Tens of thousands of those "Jerry Springer" people migrated to the North to work in the factories. The factories are long gone, but they and their descendants are still here! Most descendants of the original migrants like to talk with a fake Southern accent, even though most of them have never been to the South.

Let's not forget the Country music stars who have, for many decades, sung about cheating on their wives, driving trucks, and getting into bar fights! They have done more to reinforce the negative stereotype of Southerners than anyone else on the planet! Shame on them all!

Civil War battle sites are great for tourism. Maintaining those sites is a good investment. The Northerners who participate in reenactments (usually veterans) are more interested in the old clothes, the 1800's-style food, the ancient tools, and in camping out than in thinking about the significance of war. For example, your clothes cannot have buttons if you claim to be a "real" union or confederate soldier!

Ahhh, not to worry. Steel mills in the North are closing while mini-mills filled with non-union labor are opening in the South. Northerners with money are also retiring in the South. The South gets the "cream of the crop" yanks while the illiterate poor remain up North!

I really do enjoy reading your posts! It is one reason why I like to visit this website. God bless you, Janis!

Janis Williams said...

Thanks, Anonymus.

Inequity is a fact of life. Prejudice takes a million forms. I am not offended by your posts. I just would like Yanks, and all other comers to remember we are all sinners. We may not all dip, chew or make moonshine, but we all have our pet quirks and sins.
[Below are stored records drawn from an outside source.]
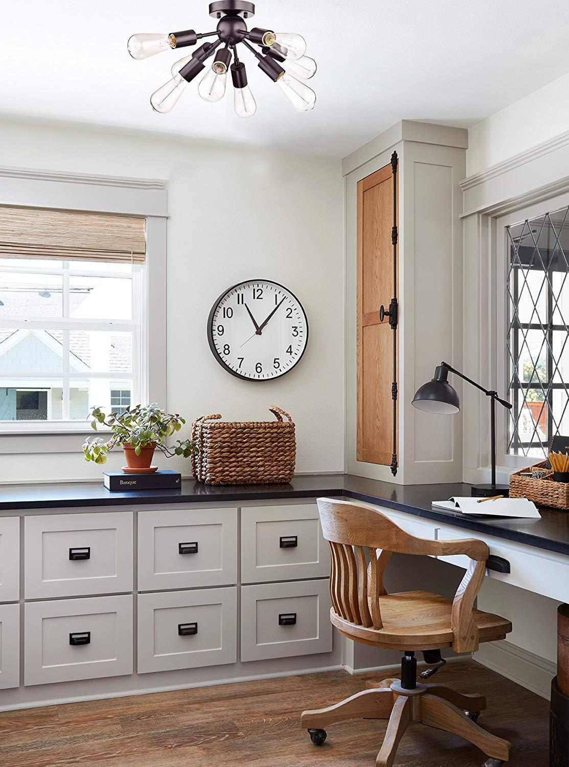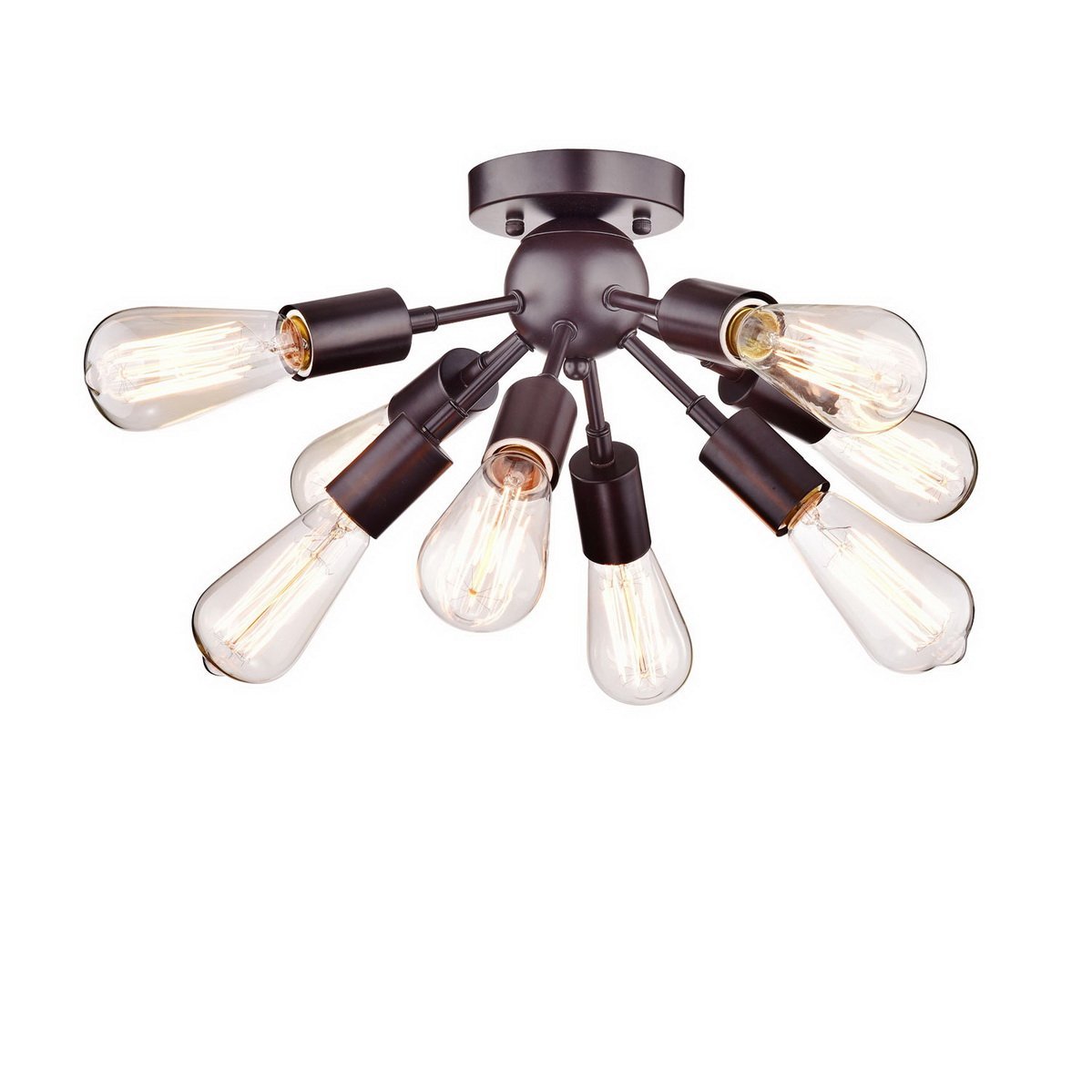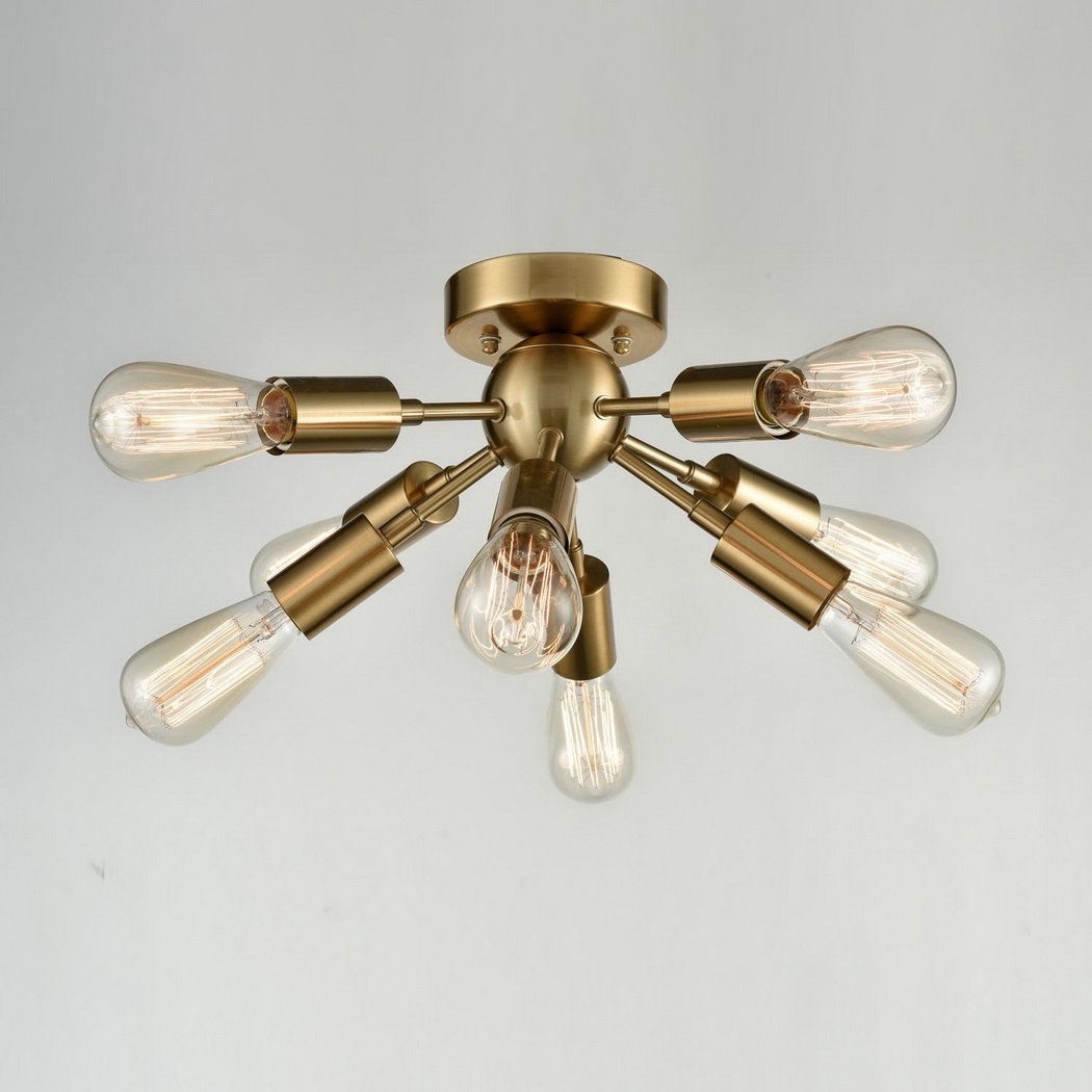 Add eye-catching style to your home with the vintage look of this antique brass ceiling light. The eight-light metal fixture features exposed Edison bulbs that give it an attractive industrial edge. Can also be mounted as a distinctive modern wall sconce. Eight energy-efficient LED bulbs are included with this fixture.
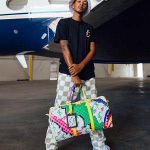[split] PRODUCT DETAILS A fun quirky capsule with dye cut clouds and lightning bolts in classic Sprayground silhouettes. Accented with blue embroidery and yellow lightning bolts. 100% FAUX LEATHER Dimensions: 20″ x 10″ x 10.75″ • Metal zipper pocket• Back Zippers •Zippered sneaker pocket • gold zippers • Adjustable Straps for custom sizing •Metal Zippers with Metal…
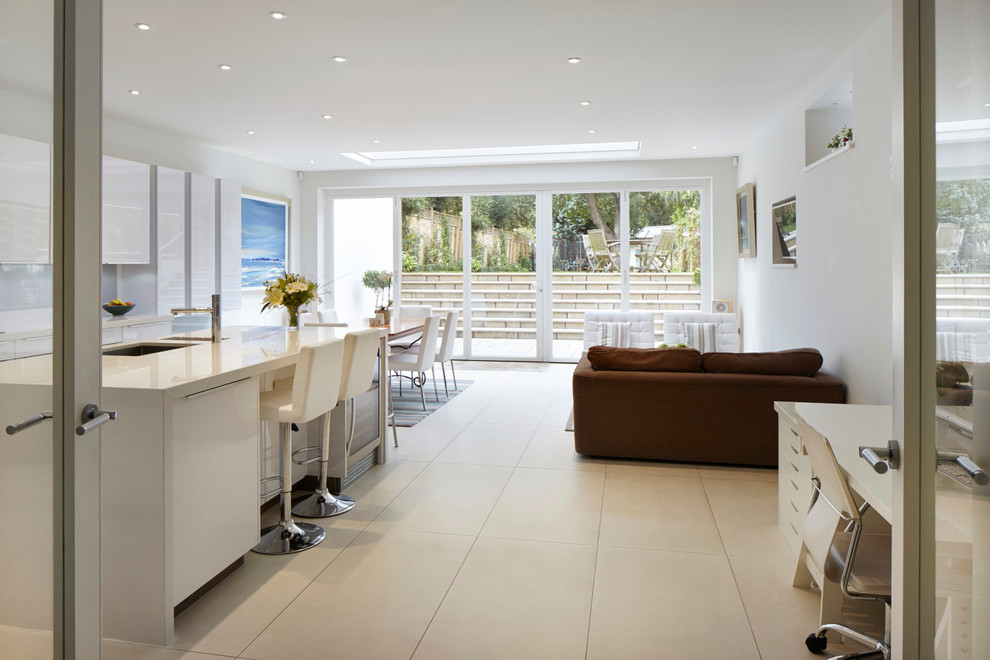 The cleaner and wider the view onto the outside, the bigger your space inside will feel. ‘French doors or double doors and a window all clutter up the back wall and miss the opportunity to show off space,’ says James. ‘But bifolds offer a good view. Even if your garden is not that big, the fact that your eye continues beyond the back of the house and out into the exterior really boosts the sense of space.’

Southerners are often their worst enemies, you are quite right. However, I would much rather have a redneck for a neighbor. He will pull you out of the ditch, help you repair what's broken, and defend you (verbally, at least) if necessary.

I really do tire at times of being treated as if I am a third world citizen. I've literally been asked if I know what chewing gum is.

Thank you , blessings on you, also anon.